SILICON VALLEY PROMISES “TOTALLY ADEQUATE” ROBOT VOICES

Tech companies, perpetually searching for ways to eliminate pesky humans and their annoying need for “compensation” and “bathroom breaks,” are ramping up efforts to replace narrators with algorithm-generated voices that sound almost, but not quite, entirely unlike anything you’d want whispering in your ear for eight hours.

“Our latest model is 97.8% indistinguishable from a human,” claims Dr. Reed Macheenly, Chief Dehumanization Officer at AudioDrone Inc. “The only glitches occur during emotional climaxes, death scenes, and any word containing more than three syllables.”

ACTUAL HUMANS FIGHT BACK WITH THEIR STUPID, INEFFICIENT EMOTIONS

Studies show that 99.2% of passages read by AI narrators sound like they’re being performed by someone who learned English yesterday and has never experienced joy, sorrow, or a meaningful human connection. The remaining 0.8% sound like your GPS having a stroke.
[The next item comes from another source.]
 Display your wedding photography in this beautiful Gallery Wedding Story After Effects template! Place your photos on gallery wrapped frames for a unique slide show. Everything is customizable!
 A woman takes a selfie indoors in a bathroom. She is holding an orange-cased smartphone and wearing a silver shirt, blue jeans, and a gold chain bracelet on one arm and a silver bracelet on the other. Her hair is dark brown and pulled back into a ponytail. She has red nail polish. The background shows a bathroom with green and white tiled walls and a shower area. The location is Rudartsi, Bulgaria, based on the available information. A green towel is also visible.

“You know what an AI can’t do?” asks veteran narrator Jim Billingsworth, vigorously shaking his fist at a nearby Alexa device. “It can’t pause because it’s genuinely overwhelmed with emotion. It doesn’t know that tiny intake of breath before delivering devastating news. And it sure as sh!t doesn’t know how to moan convincingly during the steamy parts.”
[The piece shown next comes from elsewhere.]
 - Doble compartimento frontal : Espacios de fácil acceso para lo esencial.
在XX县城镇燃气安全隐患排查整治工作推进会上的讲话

PUBLISHERS WEIGH COST SAVINGS AGAINST LISTENERS’ WILL TO LIVE

Publishing executives, those paragons of artistic integrity, are reportedly “extremely excited” about the prospect of paying exactly zero dollars for robot narrators that turn literary masterpieces into monotonous drivel.

“Look, humans are expensive and unpredictable,” explains Penelope Nickelsaver, VP of Human Replacement at BigText Publishing. “They demand ‘fair compensation’ and sometimes even get ‘sick.’ Our new digital narrators work 24/7 and don’t complain when we make them read 50 Shades knockoffs.”

Industry insiders estimate that replacing human narrators could save publishers upwards of $87 million annually, which they absolutely promise to pass on to consumers in the form of lower prices (and if you believe that, we have a bridge to sell you, narrator included).

EXPERTS WARN OF “AROUSAL UNCANNY VALLEY”

Professor Heywood Jablomi of the Institute for Digital Intimacy Studies warns that AI-narrated romantic scenes create what he calls the “arousal uncanny valley” – that disturbing space where something sounds almost human but just wrong enough to make your genitals want to retreat inside your body.

“We played test subjects an AI-narrated sex scene from a popular romance novel, and 78% reported feeling ‘deeply uncomfortable,’ ‘spiritually violated,’ or ‘like I’m being seduced by a sentient toaster,'” explains Jablomi.

THE FUTURE SOUNDS BORINGLY ADEQUATE

Despite the obvious limitations, tech companies remain committed to their quest to eliminate yet another field of human artistic expression.

“We’re making tremendous progress,” insists Alexa Johnson, spokesperson for AudioMind Technologies. “Our newest model can now simulate approximately 3.7 human emotions, including ‘mild contentment’ and ‘vague concern.'”

Meanwhile, Tudor and her fellow human narrators continue their quixotic fight against the inevitable tide of digital mediocrity.

“At the end of the day,” Tudor sighs, clutching her microphone like a talisman, “when you’re listening to someone describe their lover’s touch or the moment they discovered their child had died, do you really want that voice to belong to something that doesn’t know what it means to live, love, or lose?”

The answer, according to the profit-obsessed tech overlords driving this change, is apparently “Who gives a sh!t as long as it’s cheap?”